The average time between the two platform launches has been shrinking, and studios have now begun doing press junkets strictly for DVD releases.
According to consultant Howard Lichtman of the Lightning Group, the average window between theatrical and home video has shrunk from five months and 16 days in 2000 to four months and eight days in 2006.
In a further sign that ancillary markets are no longer so ancillary, director Steven Soderbergh released his 2005 feature Bubble in theaters and on cable simultaneously, and on DVD just three days later.
But for Canadian filmmakers who have faced an uphill battle at cinemas, the potential of DVD is relatively more significant. Noah Segal, SVP of home entertainment at Alliance Atlantis, characterizes DVD sales as the ‘saving grace’ for many releases. Although AA does not make its DVD sales numbers public, Segal points to examples of DVD’s power to find an audience.
‘Trailer Park Boys The Movie did well theatrically [$3.7 million], but on DVD, it hit a home run,’ he says of the feature inspired by the popular Showcase series. The home video release landed the foul-mouthed trio at number two on the Nielsen VideoScan sales chart back in February.
Segal also cites the doc Metal: A Headbanger’s Journey, which he executive produced. ‘On DVD, it did unbelievably well. People were lining up at HMV to get their DVDs signed.’
And yet, Noble points out, Telefilm Canada’s system of financing still rewards distributors for their theatrical releases of films, with less emphasis on home video.
Douglas Chow, deputy director of strategic communications for Telefilm, acknowledges that there is currently no financing specifically for DVD releases, but rather ‘that would be part of the film’s overall marketing plan. Our main mandate is theatrical release, but there is also support for ancillary releasing, and under that falls DVD releases.’
Chow concedes that DVDs have proven a massive force in the overall movie marketplace, but says Telefilm ‘has no plans to change its policy at the moment.’
But by the time it does, the public funder might be facing another entirely different landscape. Segal notes that overall sales for DVD have flattened in the past year or so in the interactive world.

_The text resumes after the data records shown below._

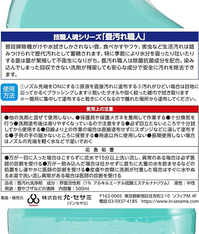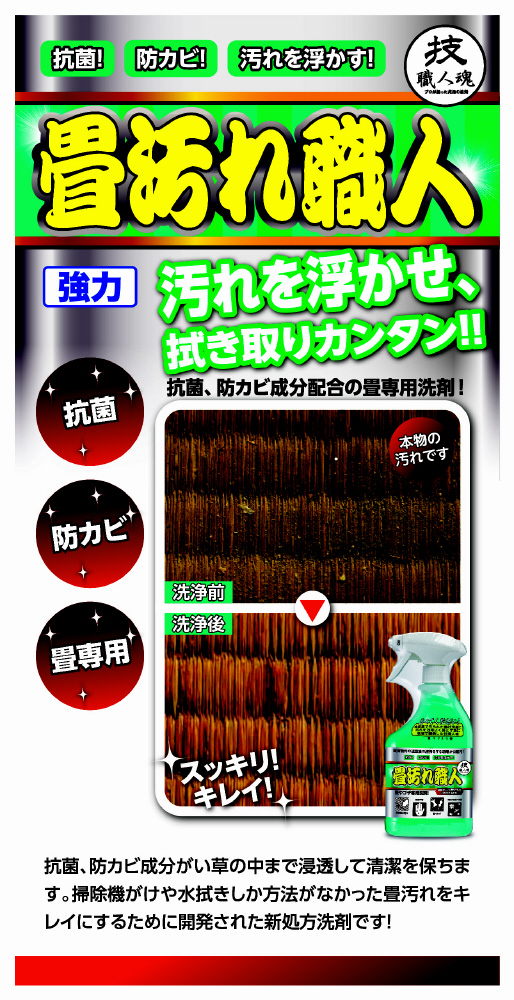 しかし本商品は抗菌、防カビ成分配合を配合しているので、汚れを落としつつメンテナンスのできる優れた畳専用洗剤です。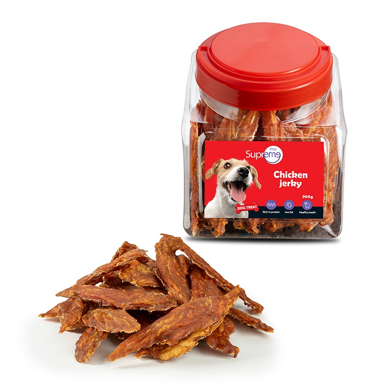 חטיף פינוק לכלב ג’רקי עוף מופחת שומן, עשיר בחלבון וקל לעיכול. מקור בריא לאומגה 3 וחומצות שומן חיוניות. מספק אנרגיה ומעולה כחטיף אילוף. רכיבים טבעיים בלבד. צנצנת איכותית המכילה 900 גרם.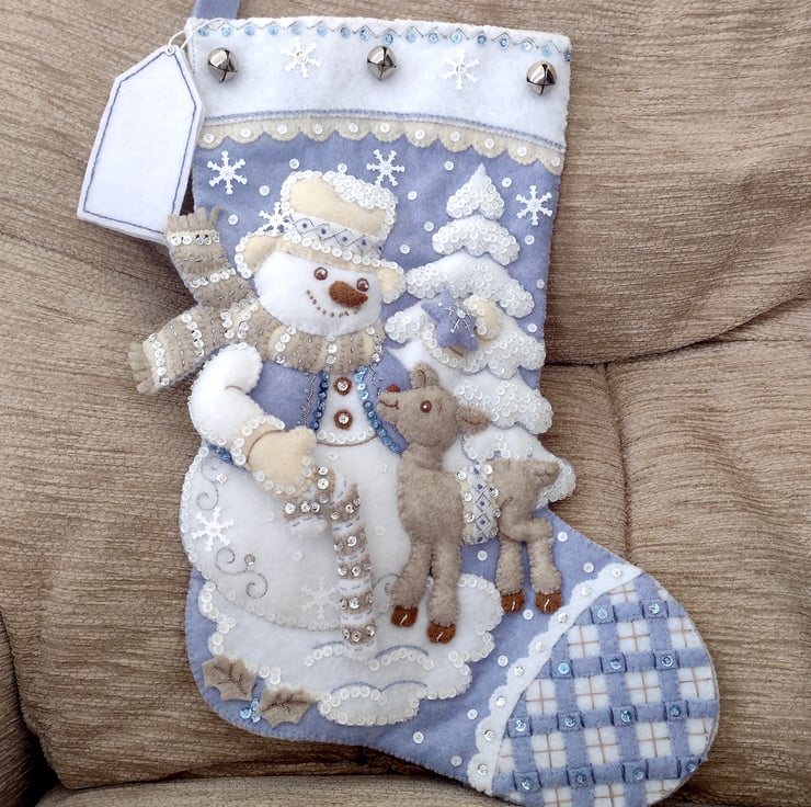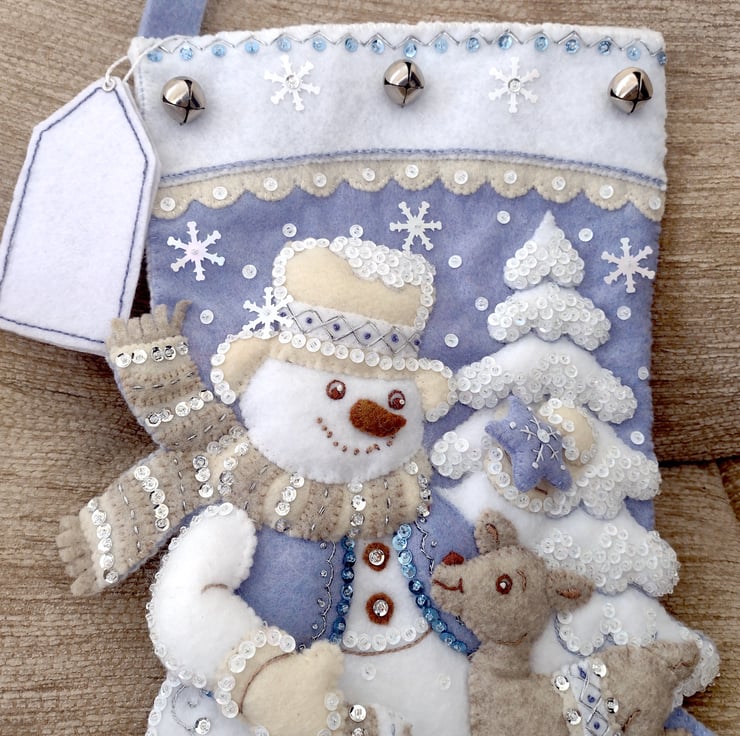 I have added silver bells and white snowflakes to the top of the stocking front as well as a white felt tag that can be personalised with a name or text of your choice in either blue or brown please leave details in the personalisation box, up to 8 letters. (Please note the text size will vary depending on number of letters required)

‘Now people have TiVos, they have the Internet… That means it’s harder for those distributing to control the supply chain,’ he says.
It’s all part of a future predicted by the likes of Microsoft’s Bill Gates, who believes that in a few years everyone will simply be ordering movies online, rather than bothering with rentals or purchases, even with the rise of the superior quality HD-DVD and Blu-Ray formats.

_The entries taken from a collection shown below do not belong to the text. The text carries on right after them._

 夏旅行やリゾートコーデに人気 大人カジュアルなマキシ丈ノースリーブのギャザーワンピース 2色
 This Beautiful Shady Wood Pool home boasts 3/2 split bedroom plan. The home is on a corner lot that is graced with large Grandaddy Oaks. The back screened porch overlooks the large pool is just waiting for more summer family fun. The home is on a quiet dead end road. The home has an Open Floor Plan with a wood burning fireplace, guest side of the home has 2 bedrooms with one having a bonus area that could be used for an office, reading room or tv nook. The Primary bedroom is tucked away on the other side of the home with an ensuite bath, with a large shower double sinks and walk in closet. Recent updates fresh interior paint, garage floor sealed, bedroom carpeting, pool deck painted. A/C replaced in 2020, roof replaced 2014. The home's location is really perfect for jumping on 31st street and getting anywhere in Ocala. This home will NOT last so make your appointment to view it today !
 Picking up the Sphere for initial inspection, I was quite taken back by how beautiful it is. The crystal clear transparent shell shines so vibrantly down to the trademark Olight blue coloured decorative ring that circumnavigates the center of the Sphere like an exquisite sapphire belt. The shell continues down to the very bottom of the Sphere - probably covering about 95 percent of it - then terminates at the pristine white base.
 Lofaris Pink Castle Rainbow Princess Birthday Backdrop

On the other hand, Lichtman says, home video shouldn’t be written off any time soon. The industry was taken aback by the initial sales boom for the format, and consumers are still drawn to them, he says. According to his figures, DVD sales and rentals have been up 2.5% since 2005. That’s not much of a jump, but given the massive growth DVD sales had shown in previous years, he says a slowdown was inevitable.
Lichtman also points to several Hollywood films that earned far more on DVD than theatrically, including Napoleon Dynamite (US$140 million vs. US$45 million in North America), The Notebook (US$168 million vs. US$81 million) and David Cronenberg’s A History of Violence (US$50 million vs. US$32 million).
But as the DVD market continues to become more crowded, Canadian features will face the same challenges many Hollywood films do. ‘Plenty of films,’ he says, ‘just don’t catch on with an audience, in Canada or the U.S.’